A. Dear Mother of Teen to Twins!

Here, sit down. Let me get you a cup of coffee. Whew! I'll bet you need a break.

OK. I strongly recommend that you scout out both your local mail order scene, as well as any of the mail order websites, large and small, and see if anyone is hiring a "remote" customer service rep. On the AP-BIZ list ( just the other day, someone was describing a relationship with a mom in another town who answers the phones while the store/catalog owners are at shows, off for the weekend, or taking a sick
day (precious few of those when you work with your kids!). If you have a cordless phone and a clipboard for taking orders and messages, your office is open!

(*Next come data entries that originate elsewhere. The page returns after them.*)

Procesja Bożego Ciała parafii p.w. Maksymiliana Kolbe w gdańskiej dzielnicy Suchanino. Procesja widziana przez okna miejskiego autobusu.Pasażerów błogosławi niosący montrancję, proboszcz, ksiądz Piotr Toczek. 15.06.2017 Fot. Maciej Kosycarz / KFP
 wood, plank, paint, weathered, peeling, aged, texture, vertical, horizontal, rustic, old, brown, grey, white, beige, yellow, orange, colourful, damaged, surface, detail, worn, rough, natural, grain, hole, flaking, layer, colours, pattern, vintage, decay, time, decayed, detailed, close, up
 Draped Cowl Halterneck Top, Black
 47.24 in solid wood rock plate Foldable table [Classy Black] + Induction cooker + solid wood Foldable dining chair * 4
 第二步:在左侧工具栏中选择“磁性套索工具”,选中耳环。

Another idea would be to check at the local community college, computer jobs boards online, or elsewhere and see if there are any reputable at-home computer jobs you could perform. Data entry, directory searches, etc. can all be done with a minimum of experience. But remember, NO at-home job worth its salt requires you to purchase anything -- no kits, no start-up costs, no initiation fees. NADA. These "jobs" abound and are
usually scams, or will exploit people in your situation, at the very least.

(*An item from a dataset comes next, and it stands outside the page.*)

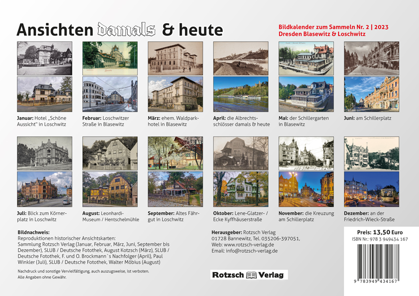 Bildkalender 2023 – historische Motive der Dresdner Stadtteile Blasewitz & Loschwitz und die heutige Sicht.

As for being a single mom at home with four children, you might want to create a home office (even a tiny enclosed area) where you can run to for phone calls or computer time, but still be available for a diaper change or a teenage phone crisis. As the mother of twins, you might also be in a unique position to assist other mothers of multiples -- call around the local support network and see what opportunities are waiting for you.

All the very best,

Q. I am a single 34 year old woman with two children. I have little help financially to support them, enough to pay rent and utilities. During the day while they are in school, I go to school. I am majoring as an Administrative Assistant. I always wanted to own my business and be my own boss. And at home would be perfect. I could wake up and send my children to school, clean house, work at my computer and still have dinner ready by the time they come home. This way I figured that I could serve the public and still be a full-time mom without over-exerting myself. Please give some suggestions on what I should do. I enjoy what I do, but don't want to leave home every day. I appreciate any suggestions. Thank You!

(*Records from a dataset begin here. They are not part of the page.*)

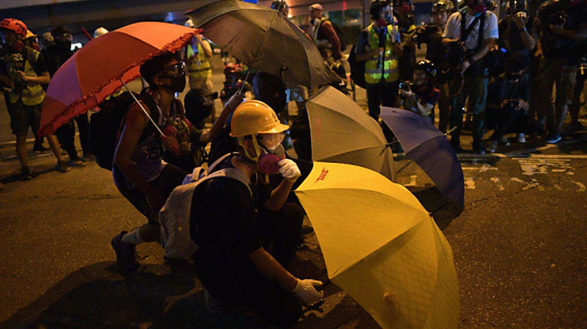 Nach einer friedlichen Kundgebung von Zehntausenden zum fünften Jahrestag der "Regenschirm-Bewegung" in Hongkong ist es am Samstag erneut zu Zwischenfällen mit radikalen Aktivisten gekommen. Die Polizei ging nahe dem Parlamentsgebäude mit Wasserwerfern und Pfefferspray gegen Demonstranten vor, die Brandsätze geworfen hatten.
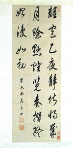 在临帖阶段,康熙的草书学习怀素,楷书学习欧阳询、颜真卿,以颜楷为主,临摹过王羲之、颜真卿、米芾、赵孟頫、董其昌等各家,最为推崇董其昌。董其昌是明末书法大家,他融合晋人书韵、唐人书法和宋人书意,自成一体。康熙曾赞美董其昌书法,“天姿迥异……非诸家所能及也”,又搜罗董其昌海内真迹,临摹学习。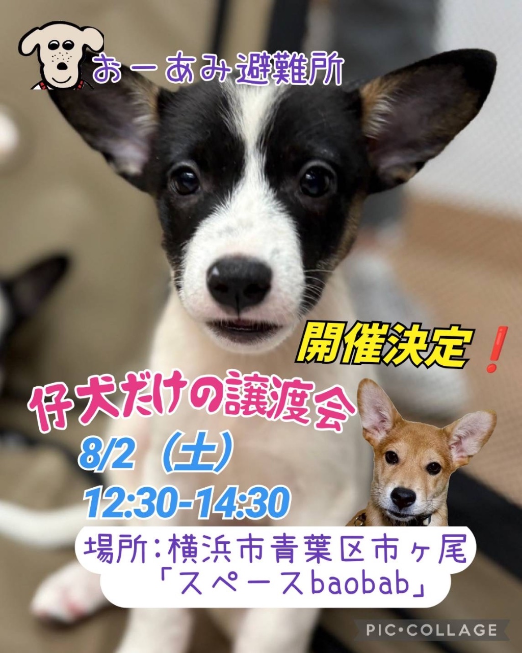 【譲渡会】8/2市ヶ尾会場にて子犬譲渡会、8/3おーあみ避難所シェルターにて子猫譲渡開催しました。

 A. Congratulations for taking the first step of the Entrepreneurial Parent: believing that it can be done! You're on your way! Your next step might be in one of two directions: you might do a complete audit of your household budget. Find out where you spend the most money with the least return. That return might not be financial, though. For example, you might discover that your day job creates more expense than
it pays for, and you might decide to turn on the turbos and start your business as soon as possible. Whatever the outcome, I believe being clear on where the money is and how it's being spent is critical.

Another direction in which to go is to do a long-term self-inventory. Find out what you really love doing, where your passion lies, and what kinds of at-home businesses will pay you to do exactly that! I recommend Zen and the Art of Making A Living: A Practical Guide to Creative Career Design by Lawrence C. Boldt and Do What You Are: Discover the Perfect Career for You Through the Secrets of Personality Type by Tieger and Barron-Tieger. Both books will give you lots of opportunity for self assessment, and an idea of where to start looking for a business or occupation that suits you to a T.
A final recommendation: hire a career consultant or a coach. Getting expert advice (beyond the great resources available at EP) in the early stages will most effectively insure success. I offer a free initial consultation and a short-term rate (see my services as an EP Coach at my Expert Page), and many other coaches do too. There might be career testing and expert resources available to you at your school as well. Check around and see.
You and your children deserve whatever you can do to create a home business, and it's never too late. And since your kids are in school, it's probably the perfect time. All the best!